Task description: Give back the full listing exactly, setting the pictures aside.

───── Information shown ─────

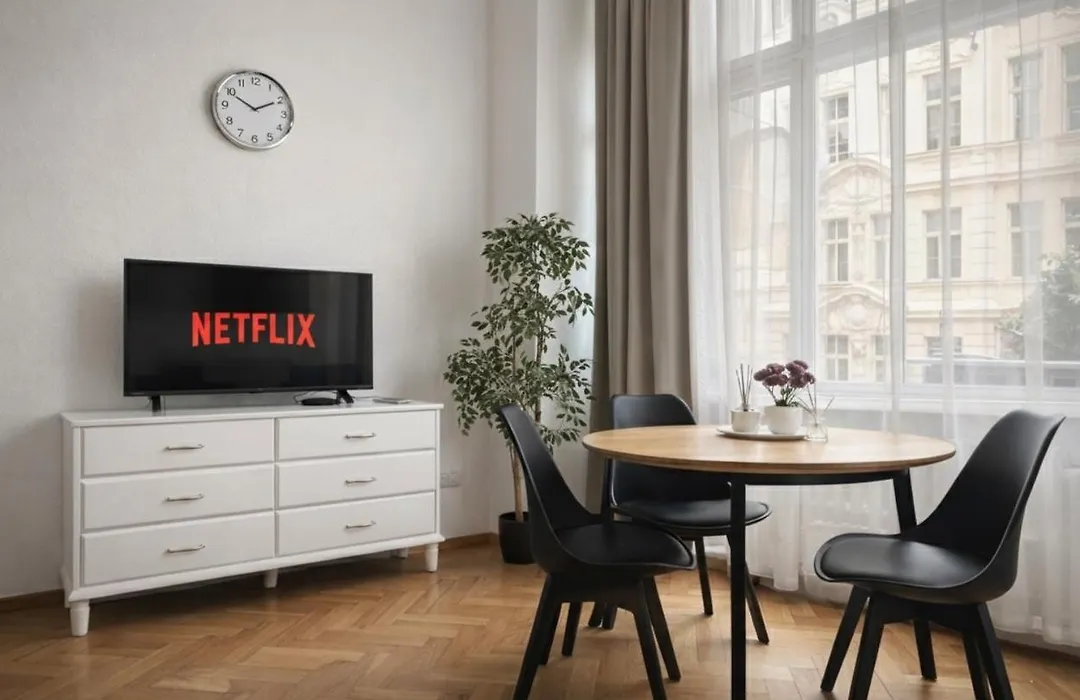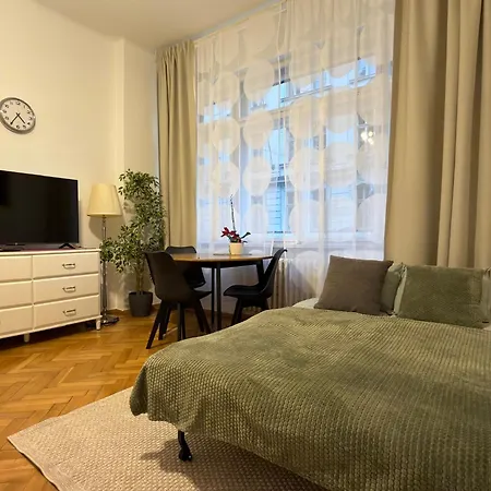 Σ' αυτό τοδιαμέρισμα υπάρχει εξοπλισμένη μικρή κουζίνα με παροχές καφέ και τσαγιού, ψυγείο, φούρνο. Αυτό το διαμέρισμα απέχει περίπου 300 μέτρα από τη στάση λεωφορείων Myslikova και 150 μέτρα από Narodni.
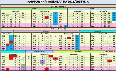 Відповідно до статті 16 Закону України «Про загальну середню освіту» структуру навчального року встановлюють загальноосвітні навчальні заклади за погодженням з місцевими органами управління освітою. Рекомендуємо навчальні заняття організувати за семестровою системою:
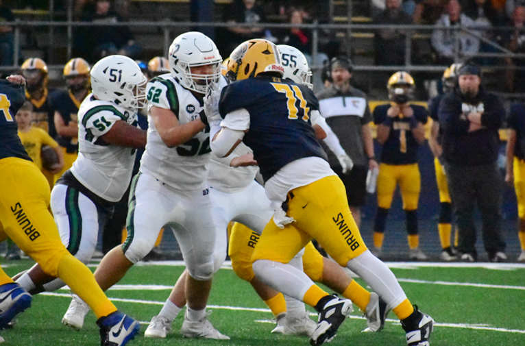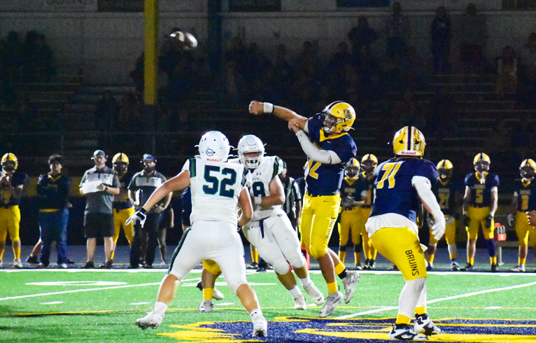 Head coach Shaun Bavaro brought out a high energy team Friday evening that received the kick-off and came out firing to start the first period. After a power sweep to the right side and a long pass down the left sideline the Bruin offense found themselves in scoring position just minutes into the quarter.

─────

Solved problem:
 Σ' αυτό τοδιαμέρισμα υπάρχει εξοπλισμένη μικρή κουζίνα με παροχές καφέ και τσαγιού, ψυγείο, φούρνο. Αυτό το διαμέρισμα απέχει περίπου 300 μέτρα από τη στάση λεωφορείων Myslikova και 150 μέτρα από Narodni.
 Відповідно до статті 16 Закону України «Про загальну середню освіту» структуру навчального року встановлюють загальноосвітні навчальні заклади за погодженням з місцевими органами управління освітою. Рекомендуємо навчальні заняття організувати за семестровою системою:
 Head coach Shaun Bavaro brought out a high energy team Friday evening that received the kick-off and came out firing to start the first period. After a power sweep to the right side and a long pass down the left sideline the Bruin offense found themselves in scoring position just minutes into the quarter.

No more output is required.